■ **Task prompt**:
Each line from the one containing "163 - وَفِي" to the end of the data must be copied exactly, the first and last included; no other lines and no pictures belong in the copy.

(Exercise data begins)

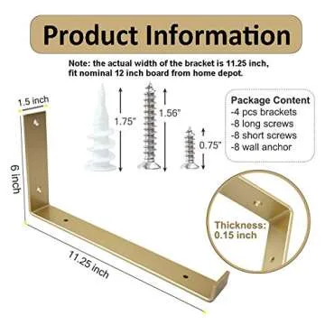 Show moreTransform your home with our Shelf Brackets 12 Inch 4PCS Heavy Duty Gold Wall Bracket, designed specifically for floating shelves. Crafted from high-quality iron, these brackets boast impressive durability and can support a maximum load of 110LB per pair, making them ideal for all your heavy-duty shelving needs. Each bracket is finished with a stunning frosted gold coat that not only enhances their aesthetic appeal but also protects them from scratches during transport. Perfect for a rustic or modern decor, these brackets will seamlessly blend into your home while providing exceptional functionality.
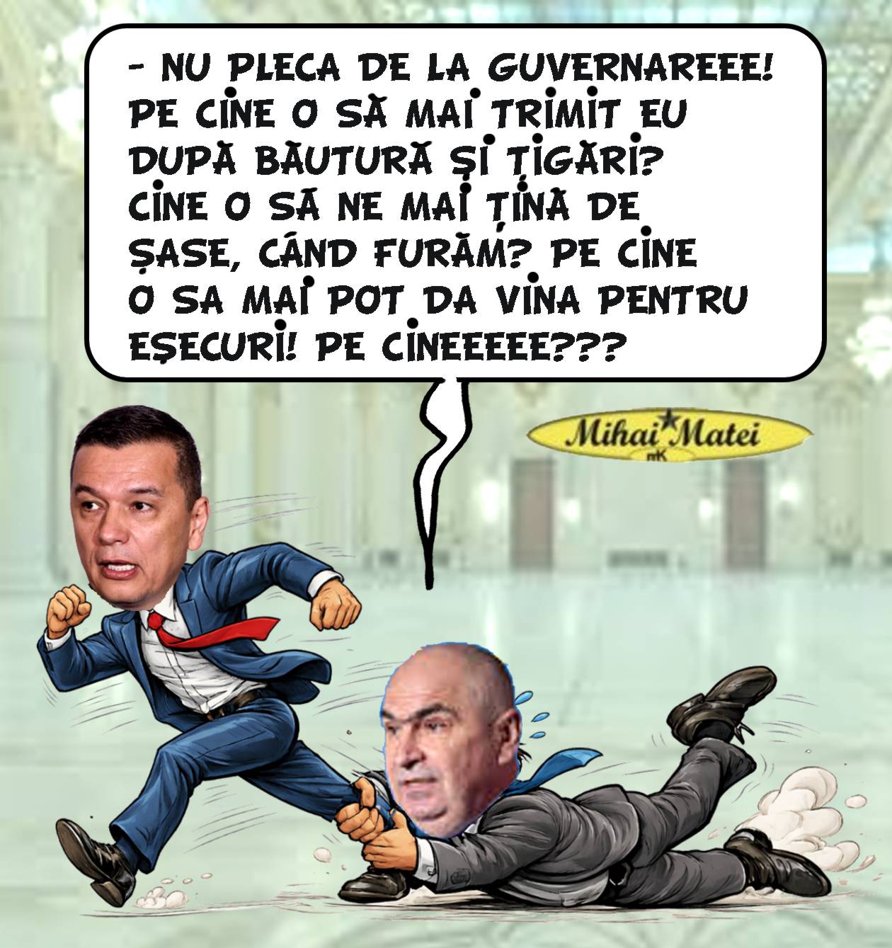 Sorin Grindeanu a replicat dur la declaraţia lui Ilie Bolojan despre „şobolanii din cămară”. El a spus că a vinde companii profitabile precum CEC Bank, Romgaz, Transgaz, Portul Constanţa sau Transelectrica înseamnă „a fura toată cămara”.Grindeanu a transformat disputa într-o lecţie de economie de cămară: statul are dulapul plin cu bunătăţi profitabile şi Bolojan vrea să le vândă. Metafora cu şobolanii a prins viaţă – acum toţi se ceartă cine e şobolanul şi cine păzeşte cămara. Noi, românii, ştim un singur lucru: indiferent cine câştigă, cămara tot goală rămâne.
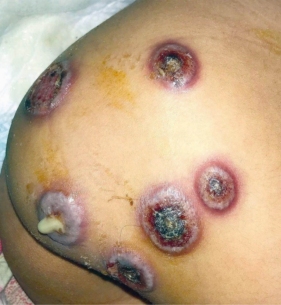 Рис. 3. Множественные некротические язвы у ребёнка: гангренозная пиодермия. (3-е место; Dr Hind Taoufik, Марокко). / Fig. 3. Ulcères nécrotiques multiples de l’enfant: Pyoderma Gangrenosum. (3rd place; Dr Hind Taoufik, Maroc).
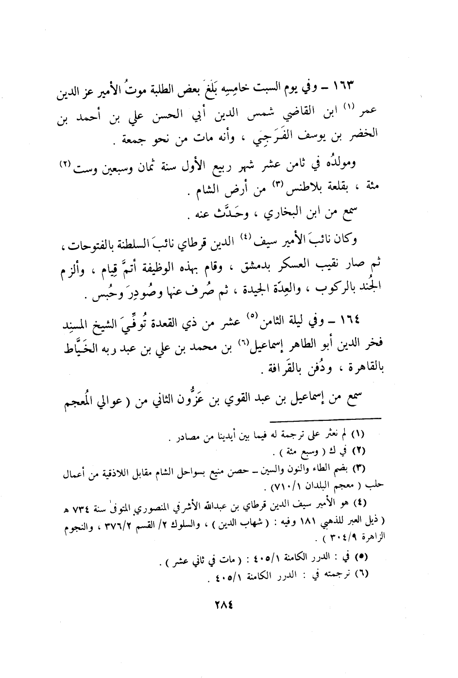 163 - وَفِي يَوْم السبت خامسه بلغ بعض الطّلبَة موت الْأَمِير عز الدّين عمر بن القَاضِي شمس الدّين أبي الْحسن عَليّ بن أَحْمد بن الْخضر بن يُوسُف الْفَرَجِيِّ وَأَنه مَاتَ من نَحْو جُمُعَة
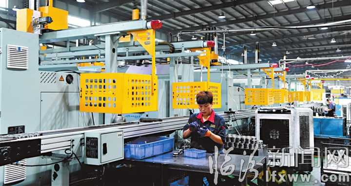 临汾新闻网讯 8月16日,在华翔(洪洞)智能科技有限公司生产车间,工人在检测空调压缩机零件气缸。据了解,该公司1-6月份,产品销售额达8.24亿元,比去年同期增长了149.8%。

(Exercise data ends)

■ **Exercise result**:
 163 - وَفِي يَوْم السبت خامسه بلغ بعض الطّلبَة موت الْأَمِير عز الدّين عمر بن القَاضِي شمس الدّين أبي الْحسن عَليّ بن أَحْمد بن الْخضر بن يُوسُف الْفَرَجِيِّ وَأَنه مَاتَ من نَحْو جُمُعَة
 临汾新闻网讯 8月16日,在华翔(洪洞)智能科技有限公司生产车间,工人在检测空调压缩机零件气缸。据了解,该公司1-6月份,产品销售额达8.24亿元,比去年同期增长了149.8%。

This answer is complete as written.